I’m baffled on this one.

I am training with this core loop (batch size is 1):

for image_data_s, demographics_s, actual_age_s in train_loader:
      image_data_s = image_data_s.to(device)
      demographics_s = demographics_s.to(device)
      actual_age_s = actual_age_s.to(device)

      predicted_ages = model(image_data_s, demographics_s)
      predicted_ages = predicted_ages.squeeze(1)

      X.append(actual_age_s.clone().detach().item())
      Y.append(predicted_ages.clone().detach().item())

      loss = criterion(predicted_ages, actual_age_s)
      
      optimizer.zero_grad()
      loss.backward()
      optimizer.step()

As you can see, I save the training prediction and target so I can plot them, to see how training is going.

By the second epoch, the results during training are already looking ok (and get much better by epoch 10):

However, when I try to use this trained model - just on the training data to be clear - without the backward step I get this output:

I am completely stumped. I get this by running the exact same code, directly after training, but by commenting out these lines:

 optimizer.zero_grad()
 loss.backward()
 optimizer.step()

What am I missing?

ptrblck · March 1, 2023, 10:23am

Could you post the model definition or (better) a minimal and executable code snippet to reproduce the issue, please?

Omroth · March 1, 2023, 10:31am

Hiya, thanks for the respone.
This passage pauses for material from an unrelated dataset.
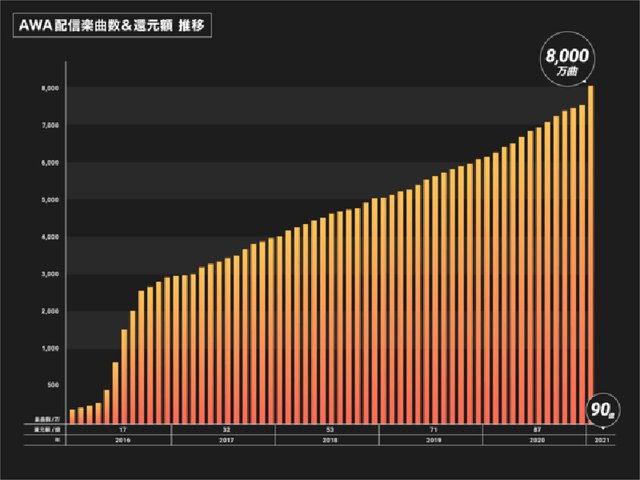 2015年5月にサービスを開始したAWAでは当初、配信楽曲数は167万曲だったが、このたび8,000万曲を突破した。自社調べでは国内初とのこと。合わせて、アーティストに還元した金額は90億円に到達したと発表した。
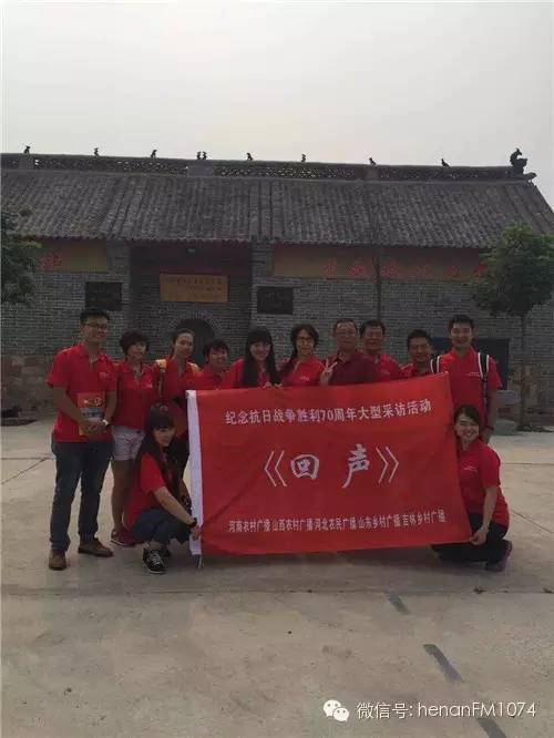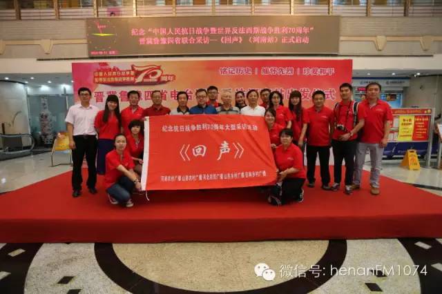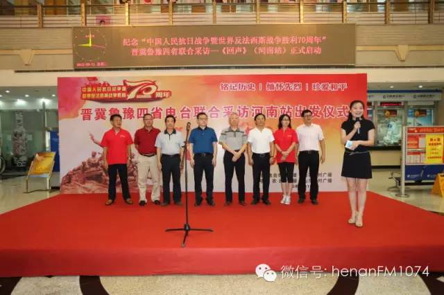 8月11日上午九點,由河南農(nóng)村廣播、山西農(nóng)村廣播、河北農(nóng)民廣播、山東鄉(xiāng)村廣播于2015年7月至9月展開“追隨先輩足跡,唱響時代凱歌”——紀念抗日戰(zhàn)爭暨世界反法西斯戰(zhàn)爭勝利70周年晉冀魯豫記者大型聯(lián)合采訪活動《回聲》在河南人民廣播電臺啟動。

It’s going to be difficult to get snippet that runs, so let’s see if you can see anything off with the model def:



n_input_channels = 1

n_latent_channels = 128

total_down_conv_channels = n_latent_channels

first_down_res = True 

first_down_res_stride = (2 if first_down_res else 1)

second_down_res = True

second_down_res_stride = (2 if second_down_res else 1)

#

kernel_size = 3
padding = 1

class MyModule(nn.Module):
    def __init__(self):
        super().__init__()

        # [200, 256, 256, x]

        self.el0a = nn.Conv3d(in_channels=n_input_channels,out_channels=total_down_conv_channels,kernel_size=kernel_size, padding=padding, stride=2, bias=False)   
        self.el0b = nn.ReLU(inplace=True)
        self.el0b_bn = nn.BatchNorm3d(total_down_conv_channels)
    
        # [100, 128, 128, 64]

        self.el1 = nn.Conv3d(in_channels=total_down_conv_channels,out_channels=total_down_conv_channels,kernel_size=kernel_size, padding=padding, stride=first_down_res_stride, bias=False)   
        self.el2 = nn.ReLU(inplace=True)
        self.el2_bn = nn.BatchNorm3d(total_down_conv_channels)

        self.max_pool_1 = nn.MaxPool3d(kernel_size=[2,2,2])

        # [50, 64, 64, 64]

        self.el3 = nn.Conv3d(in_channels=total_down_conv_channels,out_channels=total_down_conv_channels,kernel_size=kernel_size, padding=padding, stride=1, bias=False)
        self.el4 = nn.ReLU(inplace=True)
        self.el4_bn = nn.BatchNorm3d(total_down_conv_channels)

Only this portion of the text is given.